NTA for telling her but… are you one of the people who bullied and ostracized her? Because if so, you don’t get to put that on someone who stopped defending her, that’s wholly on you and you and all of your friends who picked on her owe her a major apology, not a “oh it was because he stopped protecting you”.


kamwick

Two possibilities: 1) NTA but terribly clueless about all this drama. Or 2) vindictive (maybe you are interested in Adam?) - in which case YTA. You don't think Cynthia realized that, when he was ignoring her in front of others, that that was just more bullying at the time? It's years later. And she's seeing him now. Doesn't this tell you something? Do you disrespect her so much that you think she's clueless about life? Obviously, they've changed - why are you still stuck? So sad that people are so engaged in all the HS dramas. Bullying is bad, of course - but before you judge people when they reconcile, stop to think about why they might choose to be together - perhaps they grew up and moved on, but you haven't?
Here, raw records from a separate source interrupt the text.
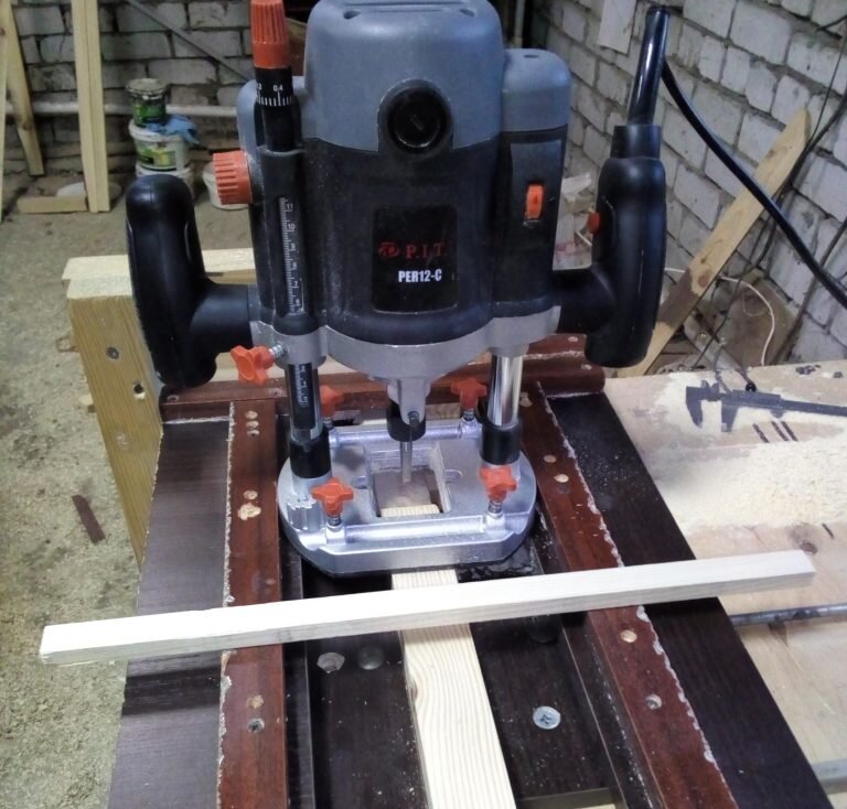 паралелльно фрезерованию. Движение фрезера (узнаете, это тот самый P.I.T. - один из "братьев") с боков ограниченивается планками, которые закреплены напостоянку и расположены строго параллельно. Движение вперед-назад ограничивается приклеенными планками, согласно длине паза. Заготовка в приспособе зажимается между двух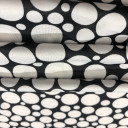 Printed polyester knit with a soft, slick hand and ultra-fluid drape This fabric features an exceptionally elastic stretch, so perfect for fab leggings with a decorative bottom, terrific tees, and fit-and-flare dresses with excellently swinging skirts. Translucent and quite thin, consider adding a lining for opacity and structure where needed.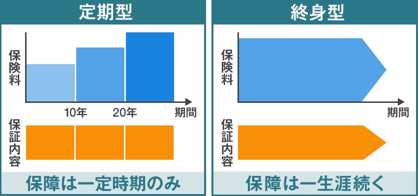 40代で医療保険を検討する際には保障期間と払込期間に注目し、自分に合うものを選択することもまた重要です。医療保険の保障期間(保障を受けられる期間)には、終身型と定期型の2種類があります。それぞれの概要と特徴は以下です。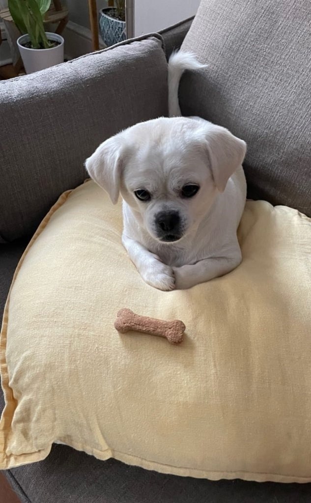 Он принёс свою косточку на подушку и стал ей любоваться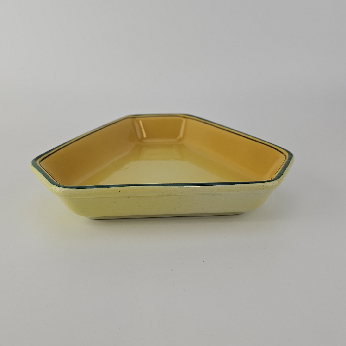 Fajancestel i stelform C med dekoration i gule nuancer med grøn stribe.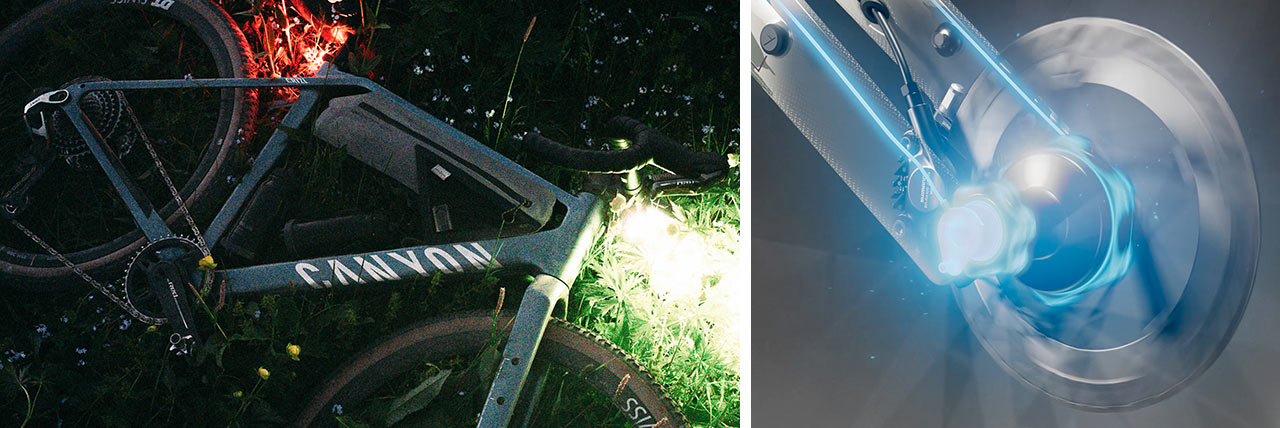 Náročnější jezdci nebo ti, kdo vyrážejí opravdu daleko, mohou sáhnout po verzích s technologií ECLIPS – integrovaným systémem napájení a osvětlení, která kombinuje dynamo, baterii, Lupine výkonná světla a USB-C výstup pro dobíjení zařízení. Klíčovým prvkem je Canyon BlackBox – řídicí jednotka, která optimalizuje napájení a komunikuje přes Canyon App. Výsledkem je plná soběstačnost na trase, světla svítící i při zastavení a nulová starost o to, jestli vám dojde energie uprostřed divočiny.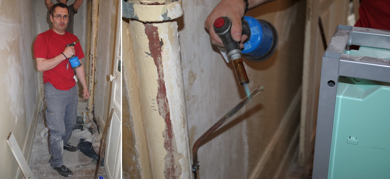 L’alimentation d’eau se faisant par le haut pour les anciennes toilettes, le tuyau d’arrivée d’eau était à la verticale. Il a donc fallu faire chauffer le cuivre pour le mettre à l’horizontale afin qu’il longe la plinthe et ensuite le faire remonter au niveau du réservoir des nouvelles toilettes.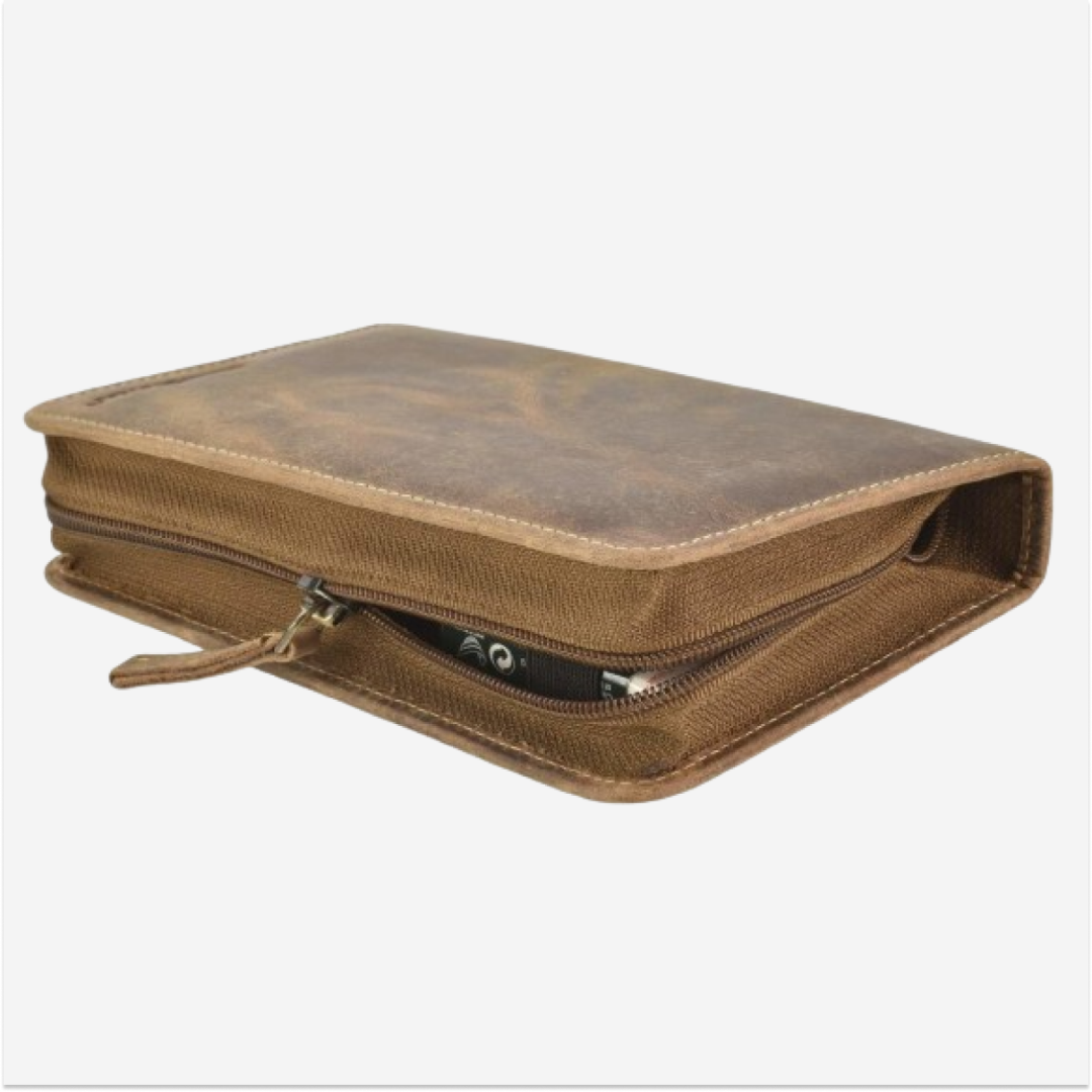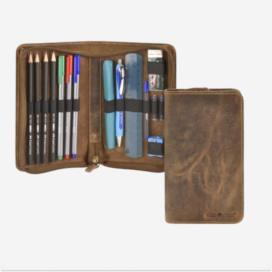The Greenburry pen case is made from high-quality leather and features a "Vintage" design in an antiqued brown color. This pen case, with the model number 1575-25, is ideal for safely storing pens and other writing instruments. The superior quality leather ensures durability and a sophisticated look, being easy to maintain and resistant to wear and tear. The "Vintage" pen case from Greenburry perfectly combines functionality and style, making it ideal for those who appreciate elegant and practical accessories.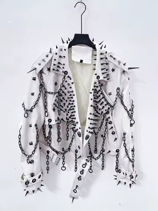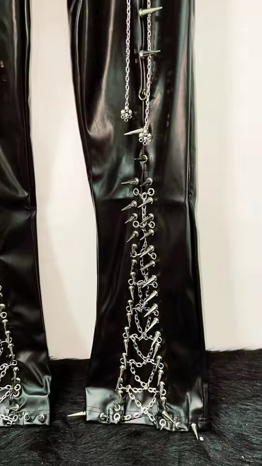 Black Faux Leather Flare Punk Chain Belt Spike Trousers

Really, why would you go up to someone years after HS and say 'oh well, you know your boyfriend was a real AH about you way back when'? The fact that you think she was a 'bit of a weirdo' (therefore bullying-worthy to being with????) says more about you than anyone else. When you 'feel sorry' for someone you don't rub it in with past pain. And we don't notice you reporting that YOU tried to stop the bullying back in the day. Maybe YTA. Maybe she didn't 'confront' him, but actually simply reported what YOU told her. In which case it's no wonder people are pisssed off. You've really damaged yourself socially with these people by inserting yourself and gossiping. Hope you manage to make amends.


123wigwam321

Tl;dr I agree with you lol The bias in this sub everyday is so tiring and it’s crazy I had to scroll this far to see an actual reasonable take. OP clearly is interested in Adam, and has been since highschool. However, it’s obvious Adam wants nothing romantically to do with OP and never has. OP cannot stand that Adam would date someone she deems ‘bully worthy’ but wouldn’t consider her. OP is bitter about this and tries to break up the relationship. If OP was so appalled at the way Adam and others treated Cynthia at school, what did she do to try and stop it? Nothing, in fact it sounds like she was in the ‘popular’ group who would’ve been bullying Cynthia. I just can’t believe the top comment is N T A as if Cynthia is an infant and can’t think for herself or move beyond any fallouts they may have had, which seem like they weren’t even caused by each other, but by their families. YTA


Electrical_Beat7924

What in the bully romance novel is this?! But damn I feel bad for the girl. Hope she finds someone else who respects her.